If you're gonna do it (which I wouldn't), maybe think about using steel jacketed cable. You can get it at home depot I believe. Or some other flexible steel conduit.


----------



## chirpfarm (Jan 30, 2012)

This: http://www.igus.com/default.asp?PAGE=EnergyChains is really what you need. It is designed to protect/guide/organize cables thru sliding motion like you describe. Don't know if it would pass residential inspection, but it is used all over the place on manufacturing equipment. not the cheapest, but the right product for the job I'd think.


----------



## KevinGe (Mar 16, 2012)

I have never seen a receptacle installed in a moveable drawer by an electrician. I would take the advice of most of the members responding to your original post and seek the advice of a electrician in your area before you do any work. Personally, I would never install an outlet in a drawer. Without getting into too much detail I believe that this would be a fire hazard.
Cheers


----------



## thegrgyle (Jan 11, 2011)

Handyman said:


> Hey guys thanks for all the input. I think we are going to run a home run wire from the panel to a wall box inside the cabinet. Then use a coiled S.O. cord from the wall to the back of the draw to a flush mount receptical box in the drawer. The new home run wire will be connected to a combo Arch fault/GFCI beaker. If there is ever a problem the beaker will trip. And being the SO cord is made out of THHN (Braided wire) wire and coiled, it will flex for many years.

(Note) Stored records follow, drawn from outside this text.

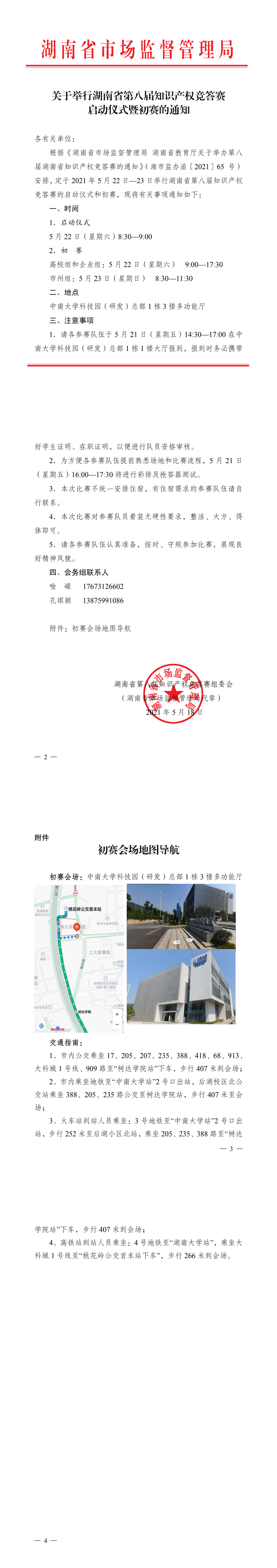 初赛会场:中南大学科技园(研发)总部 1 栋 3 楼多功能厅
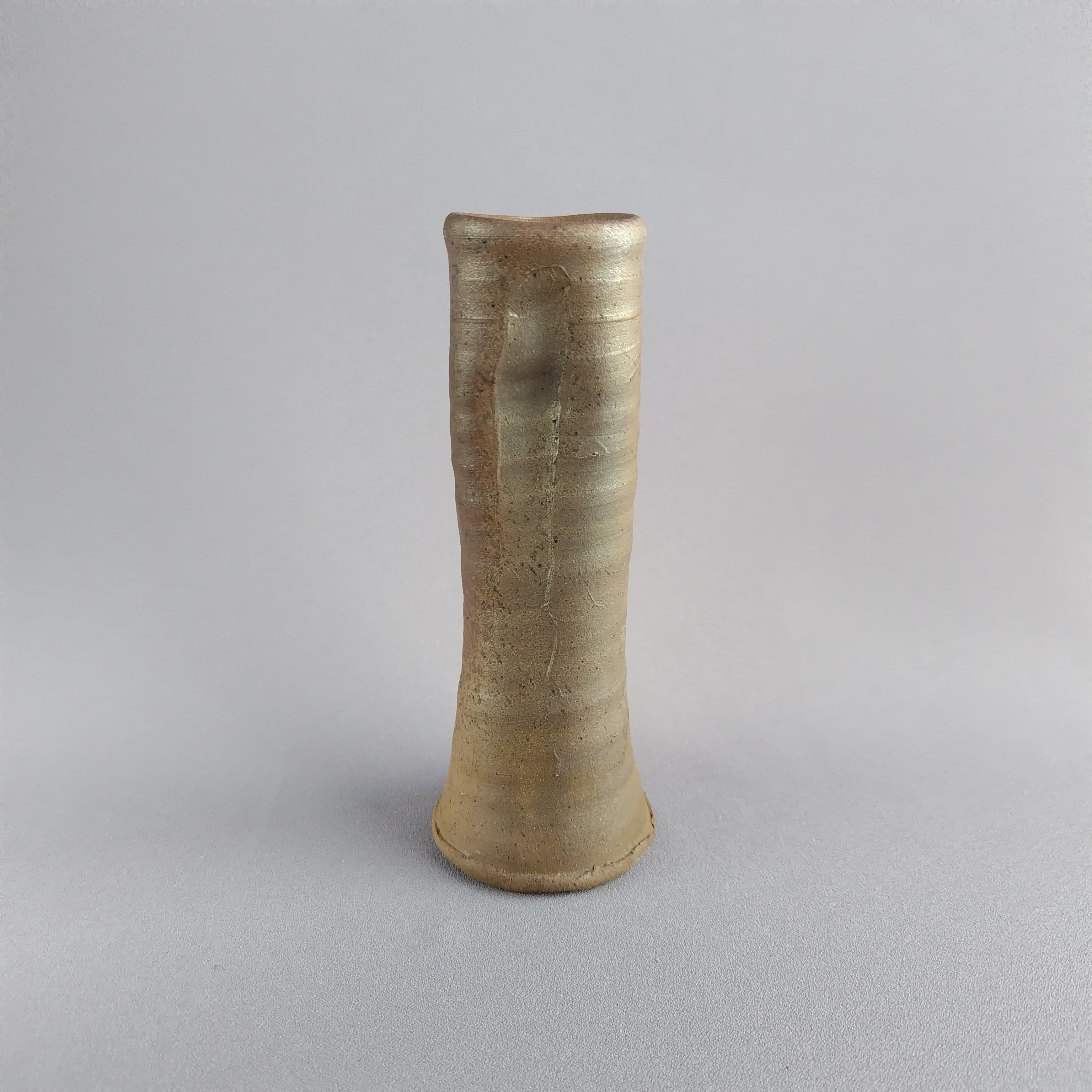 二方を指で押した、変形筒形の焼締めの花入れです。
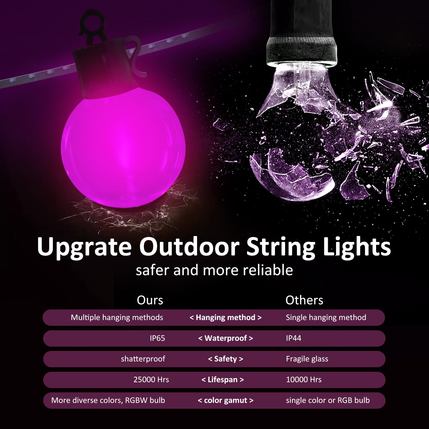 【26 Light Colors】:Our outdoor party lights feature 16 solid colors + 5 multi-colors + 8 flashing modes, making operation simple and convenient. You can easily control the LED color changing string lights through buttons on the power cord or with a remote control, adjusting dynamic modes like fade, jump, auto, and flash. Choose your favorite mode to create a relaxed and romantic atmosphere for holidays and gatherings 【IP65 Waterproof and Shatterproof】:The Lotalot string lights are IP65 waterproof, capable of withstanding rain, snow, and extreme temperatures. Made from durable, impact-resistant plastic, they are superior to 90% of traditional outdoor string lights, being less prone to breakage when dropped. This ensures safety without concerns about glass shards, making them ideal for outdoor use.
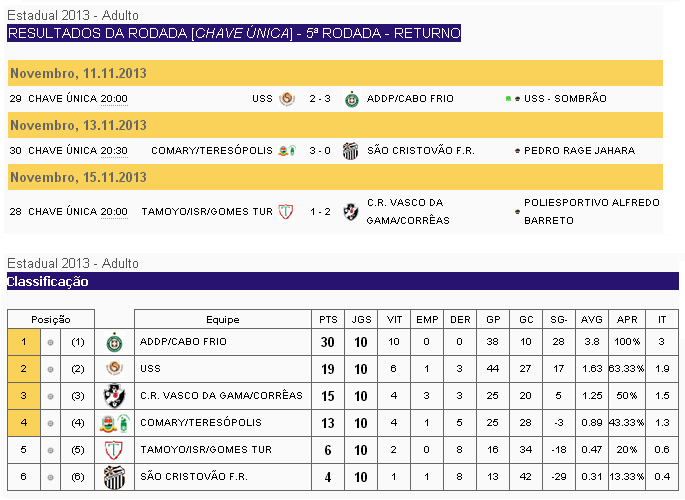 Já classificado às semifinais do Campeonato Estadual de Futsal, o Vasco derrotou o Tamoyo por 2 a 1 na noite desta 6ª-feira (15/11), em Cabo Frio, terminando a 1ª fase na 3ª colocação. O adversário do Gigante da Colina na luta por uma vaga na decisão será a USS, de Vassouras, 2ª colocada. A outra semifinal reunirá a ADDP/Cabo Frio, 1ª colocada, e o Comary/Teresópolis, 4º colocado. Tamoyo e São Cristóvão estão eliminados.
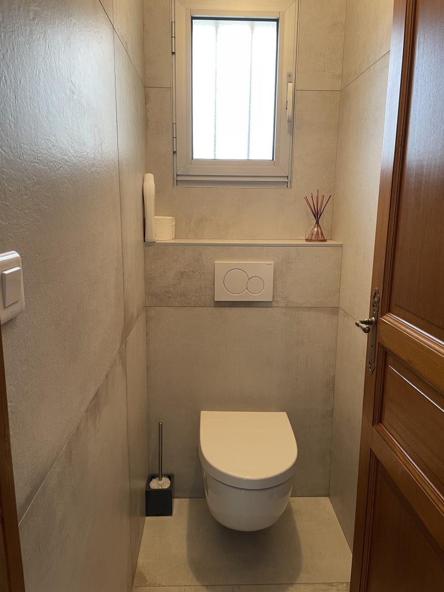 Le petit plus : un garage carrelé offrant un espace de rangement supplémentaire
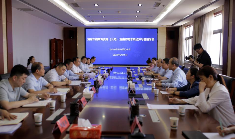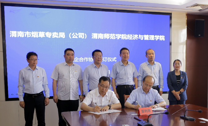 5月19日下午,best365正规与渭南市烟草专卖局(公司)在烟草专卖局(公司)举行了校企合作协议签约仪式。渭南市烟草专卖局(公司)副经理贺会彬主持签约仪式,渭南师范公司党委副书记、纪委书记、监察专员肖耀刚出席并讲话,教务处处长孙宏恩、best365经理李富荣、副经理石党英、学工办副主任朱玉娜、经济学和会计学专业建设负责人及办公室人员参加会议。
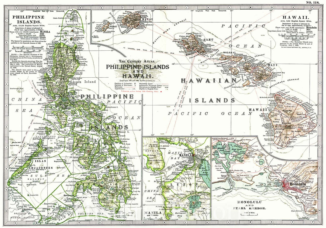 Historic Map : 1902 Philippine Islands and Hawaii : Vintage Wall Art
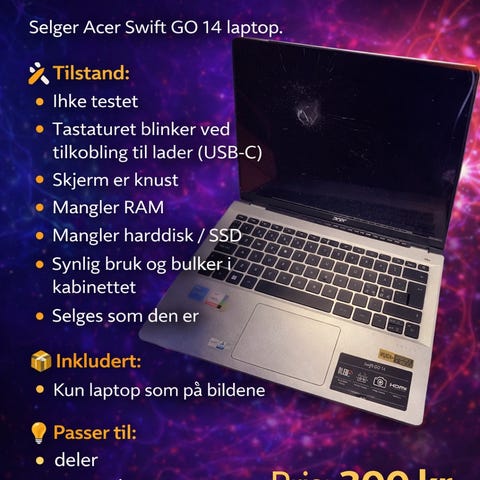 Skjerm knust på venstre side, se bilde. Ellers lite brukt.
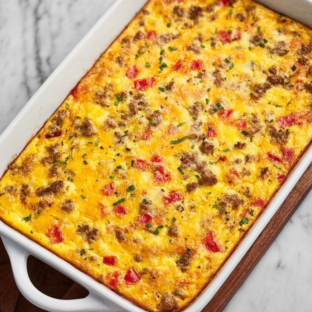 - Assemble Layers: Layer the cooked sausage mixture evenly over the hash browns in the baking dish. Then sprinkle the shredded cheddar cheese evenly on top of the sausage layer.
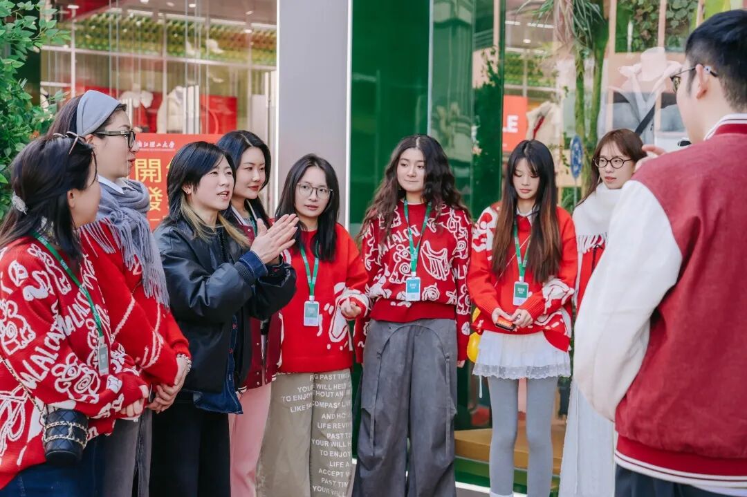 活动得到校企双方的高度重视与全力支持。森马创意高级总监黄华琳,设计高级专家李建国等企业代表,与浙江理工大学服装学院产教融合协同中心主任周伟及教师代表严昉、陈翔等共同全程参与现场指导。活动全链路环节均由浙江理工大学服装学院师生自主完成,从前期的活动策划、视觉设计、项目落地,到活动现场的门店氛围陈列、产品搭配推荐、消费者互动引导,学生们将课堂理论知识充分转化为实践能力,以新生代创意视角为活动注入活力,让门店洋溢着浓厚的新年气息与青春朝气。
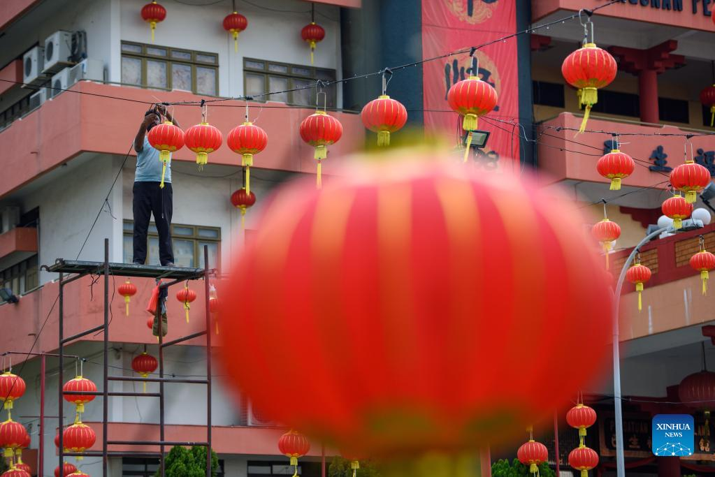 People hang lanterns for upcoming Spring Festival in Malaysia (2)

Like others have said, I would think that this would be a fire hazard, and I wouldn't do it. That being said, The coiled cord you refer to is designed exactly for that. If you decide to continue to do this, I would add that you you might want to install the outlet so that there is some protection from something accidentally getting shoved/forced into the outlet. Perhaps a "wall/partition" in front of it, with a gap on the sides that the cord can be fed thru to get to the outlet. The only reason I bring this up is how many times are things shoved in a drawer, and then the drawer shoved shut. I would hate to see some scissors or something like that be shoved into the receptacle, and create a major safety issue. 

Just a thought.


----------



## d_slat (Apr 10, 2012)

ed_h said:


> My wife asked for the same thing. She keeps her hair dryer and curling iron and such in the bottom drawer of the vanity, and it was a hassle to plug and unplug it every time. Since the vanity is built in, it was easy to add an outlet to the wall under the adjacent sink. I just attached a good quality power strip inside the drawer with double-sided tape, ran the cord through a hole in the back of the drawer, and plugged it into the outlet. I made sure the cord was routed so as to not rub or catch on anything when the drawer is opened.
> 
> Does it meet code? No idea.


not a chance in hell I woulda done this. It may be a hassle to unplug it to put it in the drawer, but at least she won't leave it on and burn the house down that way.


----------



## woodnthings (Jan 24, 2009)

*clutter is way better than a fire!*

This was my first thought when I saw hair dryer and curling iron....no way I'd do it...... :no:

maybe with a 20 minute wind up timer that shuts itself off....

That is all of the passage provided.